«ҚОҒАМДЫ АҚПАРАТТАНДЫРУ» V ХАЛЫҚАРАЛЫҚ ҒЫЛЫМИ-ПРАКТИКАЛЫҚ КОНФЕРЕНЦИЯ
42
Fig. 1 - A force feedback device called The PHANToM by SensAble Technologies Inc
Haptic Robots such as the PHANToM was considered as a starting point of brainstorming in
order to decide what design to use, what interface to create, and what features to add. Concisely,
some users do not notice meaningful differences in hardness in an experiment where the users
recognize the hardness of an object or the workspace size although those users manipulate different
types of haptic interface devices [6]. PHANToM is a popular linkage-based haptic device (fig. 1).
The position and orientation of the pen are tracked through encoders in the robotic arm. Three
degrees of force, in the x, y and z, directions are achieved through motors that apply torques at each
joint in the robotic arm. The arm tracks the position of the pen (end-effector) and as a result, it is
required to determine the proper joint angles and torques necessary to exert a single point of force
on the tip of the pen. An alternative to a linkage-based device is one that is tension-based. Instead of
applying force through links, cables are connected to the point of contact in order to exert a force
[7]. Encoders determine the length of each cable. From this information, the position of a gripper
can be determined. Motors are used to create tension in the cables, which results in an applied force
at the grip. The pen as the end effector is a convenient way to perform manipulation tasks on the
robot, depending on the environment it is going to be used in. Our robot provides 3 DOF that we are
able to measure, but the end-effector is connected through a spherical base, providing another 3
DOF but this time, only to bring the joints to proper movement.
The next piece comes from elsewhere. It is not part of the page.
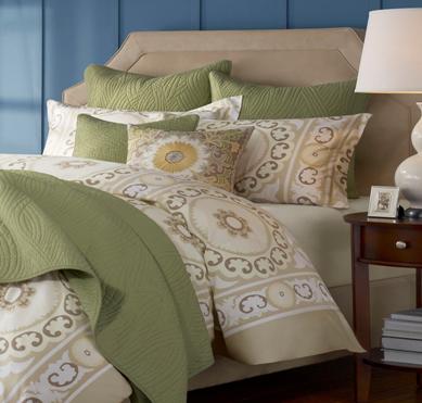 圖1 suzani床品(圖1)是harbor house這一季的新品,它的圖案極具民族特色。“suzani”原意是刺繡,特別是指中亞地區(qū)民間流傳的繡花圖案。從女兒出生那天起,當(dāng)?shù)厝吮汩_始為女兒出嫁準(zhǔn)備繡花蓋被。她們將包含祝福意義的圖案繡于真絲被褥、掛毯、靠墊、衣服等上面,細(xì)看其中如同月亮、太陽、花朵、植物、小刀等各類圖騰,分別代表了財(cái)富、健康、幸福等各類含義。suzani系列將傳統(tǒng)手工藝簡化并融入美式風(fēng)格,讓現(xiàn)代感十足的時(shí)尚紡織品帶上了些許的民族風(fēng)。臥室中放置這樣的一套床品是否無形中感覺自己正承受著神奇的祝福?!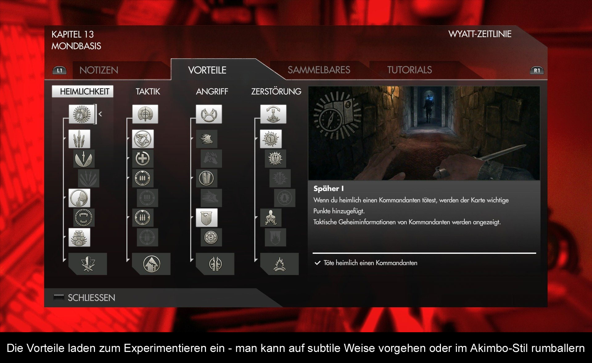 Was das Gameplay angeht, haben sich die Entwickler von Machine Games möglichst an das Original gehalten. Also etwas schnelleres Spielrinzip, viele Gegner, weitläufige Areale und viel zu Entdecken gibt es auch. Im Grunde ist es fast schon der komplette Gegensatz zu den aktuell erhältlichen Spielen und umso überraschender ist es, wie spaßig das Spiel doch ist. Das Töten der Nazis war noch nie so gut umgesetzt und die ganze Steuerung wirkt, wie aus einem Guss. Nach kurzer Zeit hat man sie verinnerlicht und kann sich ins Getümmel stürzen. Übrigens überlässt Wolfenstein: The New Order einem alleine, wie man das Spiel spielt. Wer möchte kann einen auf Rambo machen und kommt sogar gut voran. Für die etwas subtileren Spieler gibt es aber auch die Möglichkeit zu schleichen und sich völlig unbemerkt durch die Gegnerreihen zu kämpfen. Es ist zwar nicht immer einfach, aber umso zufriedenstellender, wenn man einen Bereich so gesäubert hat. Damit jeder das Spiel seinem eigenen Spielstil anpassen kann, gibt es auch noch Perks für bestimmte Taten im Spiel, wodurch man z.B. neue Fähigkeiten lernt oder sich im Schleichen etc. verbessert. Ebenfalls toll ist auch, dass die Level nicht nur schnöde Arenen zum Kampf sind, sondern auch viele Geheimnisse bereithalten. Wenn man also ein Areal von Gegnern befreit hat, wird man nicht direkt weitergeschickt, sondern kann in aller Ruhe das Gebiet absuchen. Neben Waffen und Munition gibt es aber auch einige Dokumente, welche die Geschichte während des Komas beleuchten oder aber andere verrückte Anspielungen und Collectibles. Teilweise kann man mit dem Suchen mehr Zeit verbringen, als mit dem eigentlichen Kampf und dadurch das alles freiwillig ist, sorgt dies für ein sehr angenehmes Pacing. Niemand wird gehetzt und jeder kann so spielen, wie er es möchte. Einen kleinen Wermutstropfen gibt es aber doch. Denn die Gegner-KI ist teilweise wirklich mehr als nur dumm und erkennt einen erst gar nicht, obwohl man vor dem Gegner steht und sorgt so für äußerst merkwürdige Momente. Zudem wird vor allem im letzten Drittel die Schwierigkeit ordentlich angezogen, was man durch teils unfaire Gegnerkonstellationen erreicht und so wurschtelt man sich von Raum zu Raum und hofft es irgendwie zu schaffen. Hier wäre etwas weniger mehr, aber immerhin entschädigen die interessanten Bosskämpfe dafür. Übrigens hat Wolfenstein: The New Order keinen Multiplayer-Modus. Für manche mag das ein Problem sein, jedoch wird dank des hohen Wiederspielwertes und einer tollen Kampagne auch so genug fürs Geld geboten.

Robot motion of teleoperated systems is usually controlled by system operators with the
help of a camera mounted on robot or inspecting the area from above. Although vision systems
provide much information of the environment, they require much attention from the operator. To
overcome this problem, haptic devices provide operators with the additional sense of feeling the
robot workspace, thus making it easier to avoid obstacles and reducing the average number of
collisions. Usually, operators have to drive manually the mobile robot through obstacles by
explicitly specifying the robots angular and linear velocity. By doing so, they are fully in charge of
the robot motion and as a clear viewpoint of the robot environment may sometimes not be available,
they could accidentally drive the robot to collisions or choose longer paths than optimal ones. One
possible way to resolve this might be using a vibrating motor to give a force feedback to the
operator in order to notify them without blocking their visual or audial perception during the work.
The mobile robot haptic teleoperation system consists of two sides: the Master side, which contains
the haptic device and the master station with the map-building module and the Slave side, which
contains the mobile robot and a slave robot server with the behavior and the localization module for
the exploration of the unknown environment [8]. According to A.Tatematsu and Y. Ishibashi [6],
the efficiency of systems work is higher in the case where the workspace is uniformly mapped to
the virtual space in the directions of the x, y, and z-axes than in the case where the workspace is
individually mapped to the virtual space in the direction of each axis so that the mapped workspace
size corresponds to the virtual space size.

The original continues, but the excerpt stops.